To solve this problem, I created a separate module that extract out crops at the edge of each tile in local coordinates then compare them with crops from the neighboring tile. From a global coordinate perspective, crops on the edge that are counted twice will have a very abnormally small Euclidean distance between them. To make this module fully automated, the challenge lies in extracting points that are considered at the edge of the tile. How far away from the edge of a tile must you be to not be considered as an edge points, which are all susceptible to being double counted.
This becomes even harder when taking into account that different camera yield different resolution so the size of the crop can also vary drastically. Below is an example of 2 tiles (both 512 by 512) coming from a multispectral camera (Micasense) on the left and on the right from RGB camera (Zenmuse X5S). Both cameras were fixed to the same drone flying the same flight. I have highlighted the same white balloon on the ground to give you a perspective of how different the resolutions are.
What I know is the size of a Cassava crop cannot exceed the distance between two crops within a row. So, if I set my edge threshold to be the averaged distance between two crops intra-row, then I will be able to extract out crops on edge safely irrespective of image resolution. (This mean intra-crop distance is also used as the maximum threshold for the assignment problem in the evaluation metric)
Below is a sample output from my algorithm that goes through each point within the tile and search for the closest neighboring point, which should be the neighboring intra-row crop. I then average those distance to get my edge-threshold
Correcting Neighboring Tiles
Each tile has 4 edges {top, bottom, right, and left} which means that all extracted points on all 4 edges need to be cross check with 4 other neighboring tiles. The comparison relationship is summarized in the table below and the diagram will help with visualization.
This can be chaotic if no global coordinates for all tiles are being tracked, but luckily it is. What I did is create a tile-sweeping algorithm moving from left to right. During the sweep, it will generate a graph linking each tile to its neighbors in the right and down direction only. The algorithm will check if the neighboring tile exist, if it is in the field’s boundary and if there are any edge points. The end result is a graph that I use to keep track of which tile’s edge has been double checked and updated.
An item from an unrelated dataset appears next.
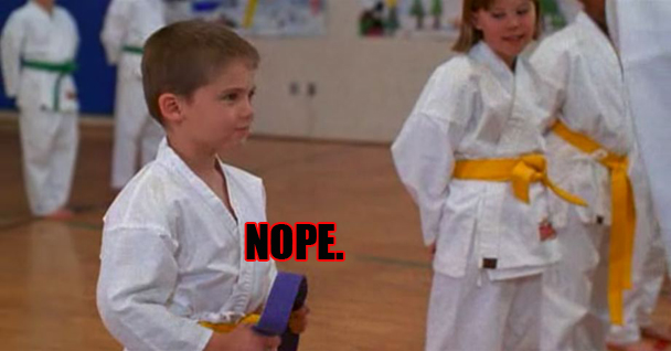 In the first 10 minutes of Jingle All the Way, before we even get into the slapstick, crime-laden, immoral plot, we learn that Arnold Schwarzenegger is a negligent father who doesn't spend enough time with his family because he's too busy running a successful...mattress company? Honestly, there is one scene during the opening credits in which we see Arnold Schwarzenegger at work, and he says the word "mattresses" and there are mattresses visible in the background, but it is never made explicitly clear what, exactly, his business is, or why it's successful. After he leaves the office, it is never mentioned again, which is actually pretty surprising if he's really supposed to be so obsessed with his work to the detriment of his personal life. But that's actually not the issue I want to talk about. The issue I want to talk about is how the reason we know he's a bad father is because he misses his son's karate class where his son was promoted from a yellow belt to purple belt. Um, no he didn't. Because that's impossible. Later, the son angrily complains to his dad that he also missed his promotion from blue belt to yellow belt. Again, no he didn't. Obviously, in a movie so riddled with HUGE and GENUINELY OFFENSIVE problems, it's probably a waste of energy to get so mad about something like this, but there is literally not one single martial arts system in the entire world that functions on a belt system that goes from blue to yellow to purple. Even people who don't know anything about karate know that yellow belt is a bullshit belt. The point is: if you're going to make the super-specific choice to make the ONE DETAIL we EVER LEARN about this LITTLE BOY'S ENTIRE LIFE, his DEFINING CHARACTERISTIC BEING A MILD INTEREST IN MINNESOTA KARATE CLASS, at least do five minutes of research and get the details right. GOD DAMN IT. Seriously. Like, trust me, Jingle All the Way, you're going to get a lot more things wrong in the coming hour and a half, it would be in your interest to get a couple of victories under your belt.

Below is an example of a tile before correction and after correction where 4 duplicates are removed.
Creating Final Raster
The last step is to plot the points onto the raster map using recorded global coordinates. However, this is in pixel-coordinate system, so I wouldn’t be able to visualize this raster on GIS-based software or platform, which means I have to perform geo-referencing operation on my output. I used the GDAL module along with CRS-extent information in my Orthomosaiced raster. After this conversion, I can upload my map online.
This project would not have been possible without the help from Chaipat Suwannapoom and Danuwasin Sittiworachat. They helped with all aspects of the project from R&D to implementation. Thank You!